Thinking about this for a minute, we can understand what some of the first “signs” of shock might be.  When the cells are hypoxic, those cells can also include the brain. In some cases, we can see restlessness or confusion as the first sign of shock, since the brain can be hypoxic from the reduction in system blood flow.

When metabolic acidosis occurs, the body can often increase the respiratory rate to “blow off” the extra carbon dioxide (CO2). An increase in respiratory rate is often seen as the first “sign” of recognizable shock. The baroreceptors in the aorta and the carotid arteries recognize the hypotension, and cause the release of epinephrine and norepinephrine. We use medications, such as norepinephrine, for example, in the cath lab to help vasoconstrict the vasculature (pipes) to make them smaller to accommodate the loss of circulatory fluid. This sympathetic stimulation causes constriction of arteries and veins to decrease the amount of blood held in the vasculature, causing BP and cardiac output (CO) to be maintained. The sympathetic stimulation can also increase the heart rate and contractility to help maintain BP and CO. Constriction of the arteries also leads to increased peripheral vascular resistance (BP is maintained) and decreased capillary flow (cool skin) while blood is maintained to the core of the body (brain, heart, lungs and kidneys). Sympathetic stimulation can also create bronchodilation (improved air exchange).

The epinephrine released by the body causes an increase in heart rate, with a small effect on the vascular tone (alpha and beta properties of epinephrine); the combined effect hopefully results in an increase in blood pressure.

Should the cause of the crisis not be successfully treated, the shock may proceed to the DECOMPENSATORY stage and the compensatory mechanisms begin to fail (Table 2). As anaerobic metabolism continues because of the continued low blood flow, increasing the body’s metabolic acidosis, we can anticipate worsening circulatory status, as blood begins to pool in the microvasculature. This is where we will begin to see the sudden and continued drop in blood pressure, as well as the worsening of the signs and symptoms.

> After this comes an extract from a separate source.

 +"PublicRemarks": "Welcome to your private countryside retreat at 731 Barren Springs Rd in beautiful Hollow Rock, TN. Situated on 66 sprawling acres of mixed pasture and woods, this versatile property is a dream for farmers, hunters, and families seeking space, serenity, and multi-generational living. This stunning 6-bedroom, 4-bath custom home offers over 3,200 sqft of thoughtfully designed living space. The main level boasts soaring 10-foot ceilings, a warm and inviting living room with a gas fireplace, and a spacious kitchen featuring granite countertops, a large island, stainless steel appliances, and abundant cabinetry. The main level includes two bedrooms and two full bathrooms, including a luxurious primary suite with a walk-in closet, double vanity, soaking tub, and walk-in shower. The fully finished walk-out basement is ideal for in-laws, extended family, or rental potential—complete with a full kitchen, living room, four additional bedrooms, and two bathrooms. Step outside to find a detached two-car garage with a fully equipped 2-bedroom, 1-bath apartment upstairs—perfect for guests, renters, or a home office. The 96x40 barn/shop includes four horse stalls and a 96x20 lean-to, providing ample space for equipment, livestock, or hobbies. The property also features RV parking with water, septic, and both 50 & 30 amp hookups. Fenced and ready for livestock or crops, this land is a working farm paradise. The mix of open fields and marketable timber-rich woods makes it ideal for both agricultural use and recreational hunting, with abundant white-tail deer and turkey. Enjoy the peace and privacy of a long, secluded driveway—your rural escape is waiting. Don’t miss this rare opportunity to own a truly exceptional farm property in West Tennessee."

IRREVERSIBLE shock can develop as the vital organs continue to be starved of oxygen, and the body can no longer provide the rescue mechanisms to prevent it or fix it (Table 3). Brain damage and cell death are happening, and death will occur soon. Because of the continued deterioration of cells due to the hypoxia, we can also see a decrease in heart rate. A decrease in heart rate in addition to a decreased blood pressure is a very ominous sign. (Note: An exception is vasovagal responses, a type of neurogenic shock [again, see Dr. Kern in this issue]).

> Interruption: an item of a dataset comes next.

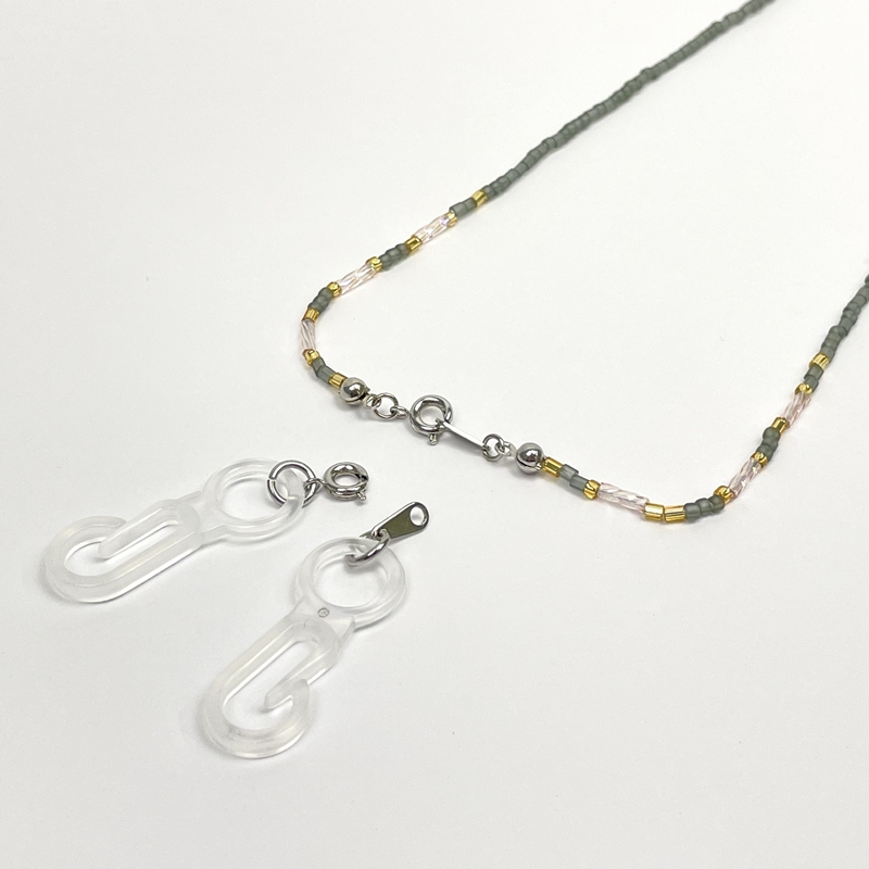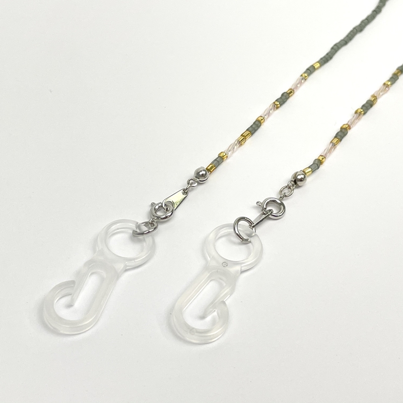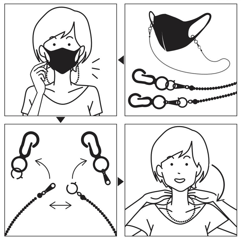 顔から取り外したマスクの置き場に困らないマスクチェーン。アイデアフックでつけ外しラクラク。さまざまなゴム幅のマスクに幅広く対応しています。

The point of recognizing these stages is to be able to identify shock EARLIER in the care of the patient. It is true that waiting to identify shock by the drop in blood pressure is a late point in the process. More rapid identification and treatment is needed to keep shock from becoming worse.

Reference

1. Libby P, Bonow RO, Mann DL, Zipes DP. Braunwald’s Heart Disease: A Textbook of Cardiovascular Medicine. 8th Edition. Philadelphia, Pennsylvania: Elsevier Science; 2007.

Resources

1. Berne RM, Levy MN. Cardiovascular Physiology. 8th Edition. St. Louis, Missouri: Mosby; 2001.
2. Martini F, Nath J. Fundamentals of Anatomy & Physiology. 8th Edition. San Francisco, California: Pearson Benjamin Cummings; 2009.